High Court Rules Zimplats Owes No Royalties in US$7.1 Million ZIMRA Dispute
- Southerton Business Times

- 4 days ago
- 2 min read

By Staff Reporter | Southerton Business Times
HARARE — The High Court has blocked the Zimbabwe Revenue Authority (ZIMRA) from collecting US$7.1 million in disputed mining royalties from Zimbabwe Platinum Mines (Zimplats), ruling that the law did not allow royalties to be charged on matte and concentrate exports before 2022.
In a judgment with major implications for the mining sector, Justice Rodgers Manyangadze ruled that Zimplats, a subsidiary of South Africa’s Impala Platinum (Implats), is not liable to pay royalties on matte and concentrate exported between June 2018 and December 2021.
ZIMRA had assessed the miner for alleged underpayments amounting to ZWL2.03 billion, arguing that royalties should have been calculated on the gross value of refined platinum, even though the company exported intermediate products. The court rejected that argument, saying the law at the time made a clear distinction between fully refined minerals and mineral-bearing products such as matte and concentrate, and crucially, set no royalty rates for the latter.

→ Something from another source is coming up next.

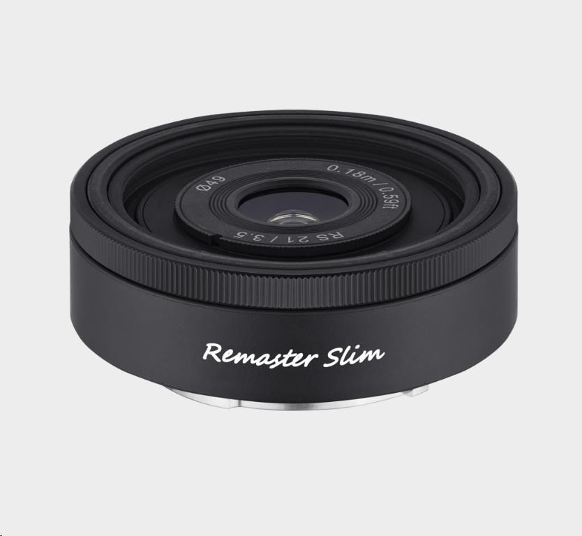 Remaster Slim je nový prelomový modulárny systém objektívov, ktorý umožňuje používateľom prepínať medzi tromi ohniskovými vzdialenosťami - 21 mm, 28 mm a 32 mm - pomocou jediného modulu objektívu, čo je svetový rekord v technológii optického výmenného automatického zaostrovania.

“The Finance Act does not provide calculation for mineral-bearing products. It only provides calculation for minerals,” Justice Manyangadze ruled.
He added that matte and concentrate “cannot attract the same royalties as minerals that have gone through the refinery process.”
Why the law mattered
At the centre of the case was how Zimbabwe’s Finance Act was worded before amendments that took effect on January 1, 2022. During the disputed period, the law prescribed royalty rates only for minerals that had already been fully processed. Justice Manyangadze relied heavily on a Supreme Court precedent, ZIMRA v ZIMASCO (SC 79/13), which held that chrome concentrates and ferrochrome could not be taxed before royalty rates were clearly set.
That ruling, he said, was binding.
“In matters of taxation, no tax or royalty can be imposed without clear and express statutory authority,” the Supreme Court held — a principle the judge said was decisive in the Zimplats case.
ZIMRA’s retroactive argument fails
ZIMRA attempted to rely on a 2025 amendment to the Finance Act, which retrospectively expanded the definition of “mineral” to include mineral-bearing products dating back to 2010.
The court dismissed the move, warning that definitions alone do not create a tax obligation.
“As no rate had been fixed for such products at the relevant time, the retrospective amendment cannot impose an obligation that did not previously exist,” the court ruled.
As a result, ZIMRA’s assessed royalty shortfalls and penalties fall away entirely.
Zimplats was represented by Advocate Thabani Mpofu, while Samuel Banda appeared for ZIMRA.
What This Means for Miners
If you exported matte or concentrate before January 2022, this ruling is significant.
The High Court has confirmed that:
Royalties cannot be charged unless the law clearly sets a rate
Intermediate products were not taxable under the pre-2022 law
Retrospective legal changes cannot create new debts
However, miners should note that the law changed in 2022, and mineral-bearing products are now expressly covered.